1687P - Targeted metabolomics reveals dynamic changes and potential therapeutic targets in the serum metabolome of patients receiving adoptive cell therapy with tumor infiltrating lymphocytes

Background

Adoptive cell therapy (ACT) using tumor-infiltrating lymphocytes (TILs) has shown clinical responses in the treatment of metastatic melanoma. Improvement in the persistence of TILs is an area of ongoing investigation. Emerging data has demonstrated that levels of circulating metabolites significantly affect T cell function and survival in multiple pre-clinical models of ACT. However few studies have interrogated the circulating metabolome in patients undergoing ACT. We aimed to investigate changes in the serum metabolome in patients with metastatic melanoma undergoing ACT with TILs.

Methods

Samples were obtained longitudinally from 9 patients with metastatic cutaneous melanoma undergoing ACT with TILs. Sample A was obtained prior to lymphodepletion, sample B was collected after lymphodepletion one hour prior to TIL infusion, sample C was obtained 24 hours post TILs infusion and sample D was collected 4 weeks post infusion. Serum metabolites were measured using targeted mass spectrometry and differences in metabolites were compared using Random Forest, Multidimensional scaling analysis and the U-Mann-Whitney test.

Results

Comparison between samples A and B revealed a significant increase in only ortho-hydroxypheylacetic acid, however there was a significant decrease in multiple metabolites. Comparison of samples B to C showed significant decrease in multiple metabolites including Lysophosphatidyl choline (LPC) 16:0 and LPC 18:0. Comparison of sample C to D showed a significant decrease of ortho-hydroxyphenylacetic acid and increase in LPC 16:0 and LPC 18:0. In ex vivo experiments, human T cells pretreated with LPC 18:0 demonstrated increased proliferation and IL-2 production in a dose dependent manner.

Conclusions

ACT with TILs caused dynamic changes in circulating metabolites. Most significantly, there was a decrease in LPC after TILs infusion suggesting LPC uptake by the infused T cells. LPC has been shown to be involved in CD8+ memory T cell maintenance. Exposure to LPC pre-infusion may potentially improve infused CD8+ T cell IL-2 production and engraftment warranting further investigation.

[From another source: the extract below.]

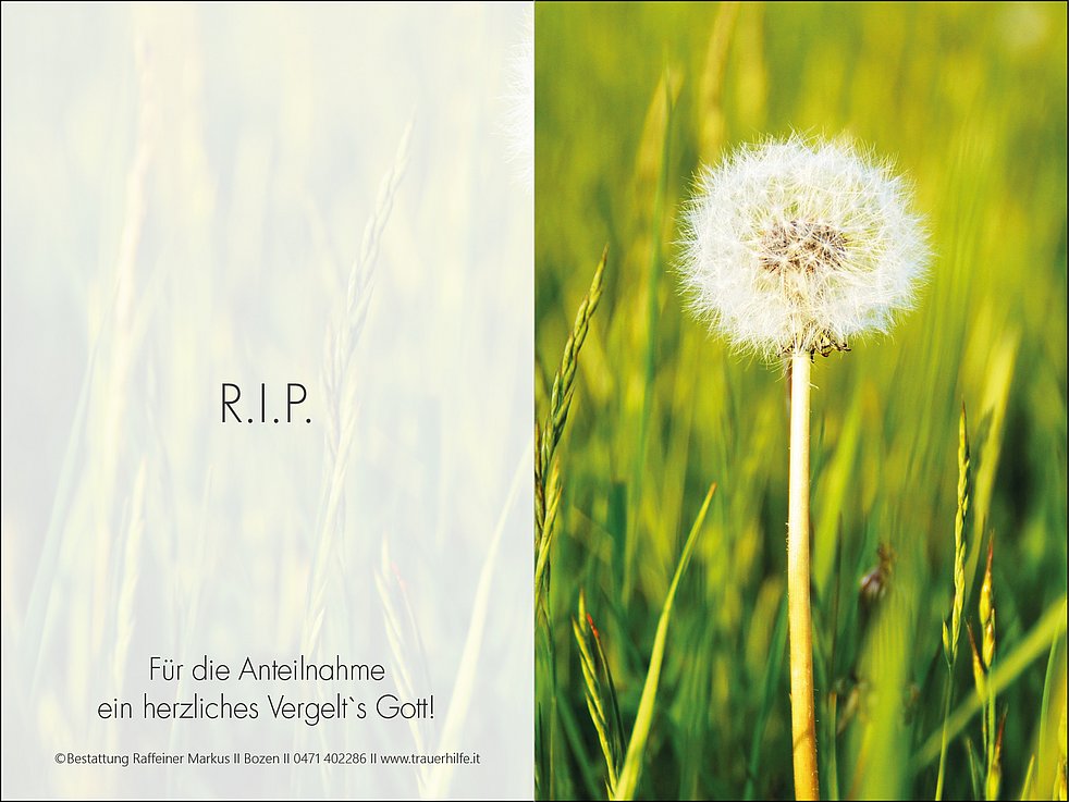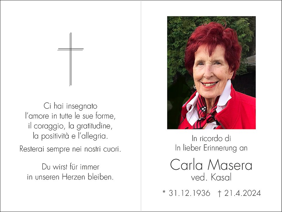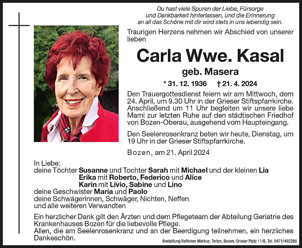 Den Trauergottesdienst feiern wir am Mittwoch, dem 24. April, um 9.30 Uhr in der Grieser Stiftspfarrkirche. Anschließend um 11 Uhr begleiten wir unsere liebe Mami zur letzten Ruhe auf den städtischen Friedhof von Bozen-Oberau, ausgehend vom Haupteingang.

Clinical trial identification

Editorial acknowledgement

Legal entity responsible for the study

The authors.

Funding

Has not received any funding.

Disclosure

M. Vilbert: Financial Interests, Institutional, Funding: Alamos Gold, Inc. T. Pimentel Muniz: Financial Interests, Institutional, Funding: Alamos Gold, Inc; Financial Interests, Personal, Research Grant: Novartis. E.C. Koch: Financial Interests, Personal, Invited Speaker: Novartis, MSD; Financial Interests, Personal, Advisory Board: Novartis, MSD; Financial Interests, Institutional, Other, Funding: Alamos Gold Inc.; Financial Interests, Institutional, Research Grant: Novartis. M.O. Butler: Financial Interests, Personal, Advisory Board: Bristol Myers Squibb, EMD Serono, GlaxoSmithKline, Immunocore, Merck, Novartis, Pfizer, Sanofi; Financial Interests, Institutional, Research Grant: Merck; Financial Interests, Personal, Other: Adaptimmune, GlaxoSmithKline. S. Saibil: Financial Interests, Personal, Advisory Board: Novartis, Janssen. All other authors have declared no conflicts of interest.